It's a scary thing to let go. It's terrifying to unlock those chains because that hole holds our identity and contentment, both things that God can give us completely if we let him. If we choose to not lock him out.

As leaders, we have to more quickly come to the place of letting go so that God can fill that hole in our hearts. We have to come to the place where God and only God satisfies us. I say 'have to' because it is exceedingly hard to encourage anyone else to let go and unlock their chains if we can't do it ourselves.

Run an audit of your heart. What are your chains? What do you need to let go of? Addictions? Possessions? Achievements? How can we help each other let go so that God can more fully come in?

Jesus doesn't force us to let God fill in that hole. He let the young man walk away. He didn't chase after him. Jesus will never force us to do anything. He will ask us to do things out of love for him, but we are free to choose not to.

Just remember, if we choose to unlock our chains and let go of the things we hold in our God-shaped holes, we will gain treasure in heaven. We will gain freedom. We will gain contentment and identity.

Best of all, we get God.

Thursday, February 23, 2006

salt and stumbling

I've decided that today's passages (Mark 9:41-42, 50) really defines the philosophy of my life and my faith. They talk about two things: stumbling blocks and salt. What do the two have to do with each other? Well, not much at first glance but a whole lot if you take a little time to think about it.

Jesus commands us not to put a stumbling block in front of 'these little ones'. What does this mean? I always take it to mean that we, as Christians, must never ever ever do anything to prevent people from coming to God. We must never think ourselves as so good or so righteous that we exclude others from God's love. I don't ever want someone to look at me and think, "God must love her more because of this or that." I don't ever want someone to see the things I do and think to themselves, "I could never do that, therefore I am not as good." I don't want these things because I share two things with everyone in the world: I am sinful and God is love.

When you strip everything else away, that's all you're left with. We are sinful and God is love. We're all broken. We're all damaged goods. We all make bad choices. But God is love. God loves who we are because he created us. Once we REALLY begin to understand these two concepts, that's when we find hope. That's when we start to realize that our mission is not to be 'good' people. Our mission is to be God's people and to show his love to this sinful world.

The other part of this verse is about salt. I don't know much about salt except that it makes your food taste better, melts ice off roads and can be used to preserve fresh foods. The weird thing about salt is that inspite of the fact that it has it's own taste, what it really does is bring out the truer flavor of the food. Too much salt and you notice it, but just enough and you don't even know it's there.

As Christians, we need to be salty. We need to bring out the true flavors of God's world. God created the world perfect. We're the ones that messed it up. But we can work to regain that perfection. We can be God's salt that begins to reveal the true flavors of this world.

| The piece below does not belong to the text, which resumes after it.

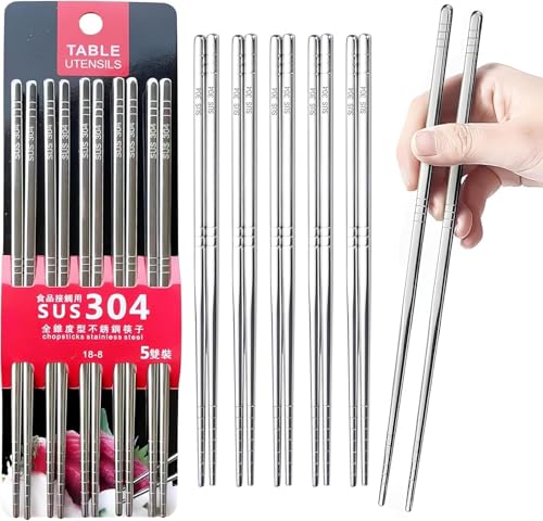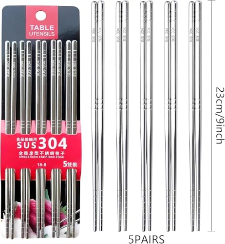Generic - طقم عيدان طعام ستانلس ستيل 304 – 5 أزواج بطول 23 سم، قابلة لإعادة الاستخدام وآمنة لغسالة الصحون
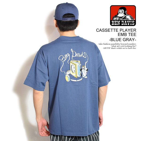 ■BEN DAVIS ベンデイビス CASSETTE PLAYER EMB TEE -BLUE GRAY- メンズ Tシャツ 半袖Tシャツ オーバーサイズ atftps

The one other thing that struck me from this verse was the instruction to "Have salt in yourselves, and be at peace with one another." Getting along and being at peace seems to contribute to good saltiness. Interesting.

I hope that I can be salt and not a stumbling block.

Tuesday, February 21, 2006

self-absorbed

You may not think that self-absorbed would be something used to describe me, but it is. I'm ridiculously self-absorbed. I like the attention of a job well done. I like when people tell me I'm good at things. I like when people find me attractive or smart or funny. I want the whole world to see me in a certain light and I go out of my way to make sure they do. I don't advertise my faults. I don't tell people how bad of a procrastinator I really am. They don't see all the jobs I half-arse. They don't see when I needlessly snap at Vergil because I'm in a bad mood.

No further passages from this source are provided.